Required work
Starting at the line containing "那时还没有火车,走陆路从布法" and ending at the line containing "Relatoría Sala de", print every line of the material below exactly, both ends included, and stop there.

Stored data
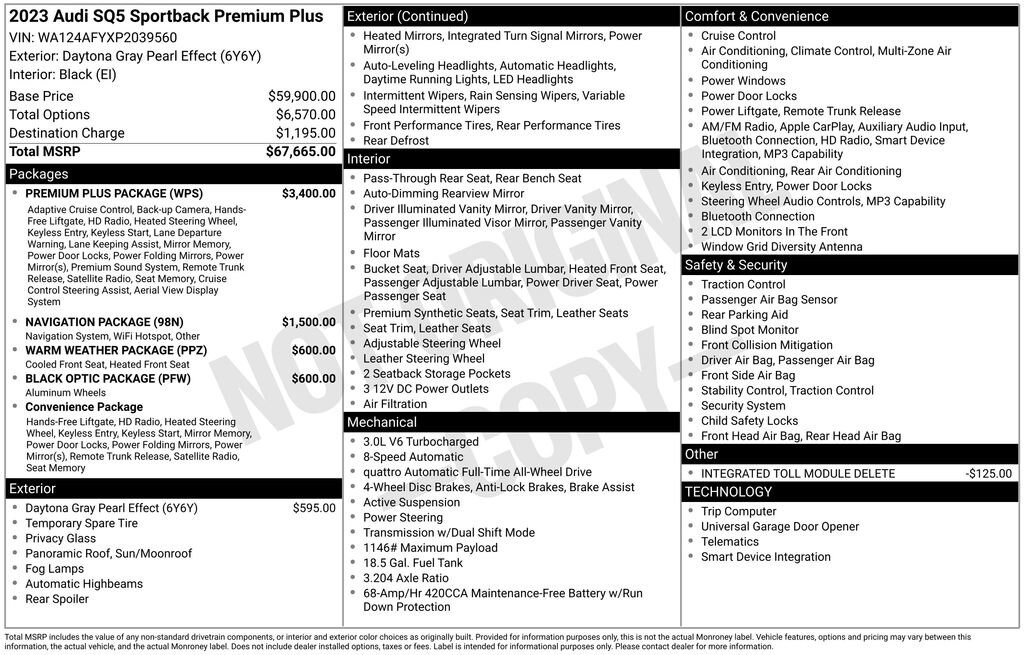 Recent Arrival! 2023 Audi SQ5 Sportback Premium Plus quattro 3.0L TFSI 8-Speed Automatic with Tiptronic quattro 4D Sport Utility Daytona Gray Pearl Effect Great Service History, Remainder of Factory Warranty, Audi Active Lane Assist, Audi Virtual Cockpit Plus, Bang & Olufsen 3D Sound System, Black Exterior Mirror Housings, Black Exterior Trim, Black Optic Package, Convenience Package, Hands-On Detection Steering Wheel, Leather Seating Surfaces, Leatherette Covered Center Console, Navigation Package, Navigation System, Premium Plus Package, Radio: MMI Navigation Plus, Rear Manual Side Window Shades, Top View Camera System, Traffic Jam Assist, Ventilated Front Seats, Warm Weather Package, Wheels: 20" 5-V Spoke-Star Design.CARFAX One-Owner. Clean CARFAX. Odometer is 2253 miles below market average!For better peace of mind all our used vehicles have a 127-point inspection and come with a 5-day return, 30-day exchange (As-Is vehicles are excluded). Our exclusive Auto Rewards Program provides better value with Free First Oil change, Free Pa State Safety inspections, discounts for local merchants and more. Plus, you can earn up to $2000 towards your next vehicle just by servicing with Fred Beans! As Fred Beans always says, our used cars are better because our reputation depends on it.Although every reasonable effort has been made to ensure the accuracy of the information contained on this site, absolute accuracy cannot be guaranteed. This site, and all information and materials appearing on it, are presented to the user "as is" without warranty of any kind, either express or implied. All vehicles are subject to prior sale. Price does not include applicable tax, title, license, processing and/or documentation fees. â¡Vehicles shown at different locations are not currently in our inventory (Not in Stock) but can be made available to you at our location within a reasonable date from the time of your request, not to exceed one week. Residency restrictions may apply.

* * *

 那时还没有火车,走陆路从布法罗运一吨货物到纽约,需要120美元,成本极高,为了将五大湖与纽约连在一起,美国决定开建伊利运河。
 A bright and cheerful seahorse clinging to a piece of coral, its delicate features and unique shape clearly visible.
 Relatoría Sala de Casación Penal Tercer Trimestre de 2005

Task result
 那时还没有火车,走陆路从布法罗运一吨货物到纽约,需要120美元,成本极高,为了将五大湖与纽约连在一起,美国决定开建伊利运河。
 A bright and cheerful seahorse clinging to a piece of coral, its delicate features and unique shape clearly visible.
 Relatoría Sala de Casación Penal Tercer Trimestre de 2005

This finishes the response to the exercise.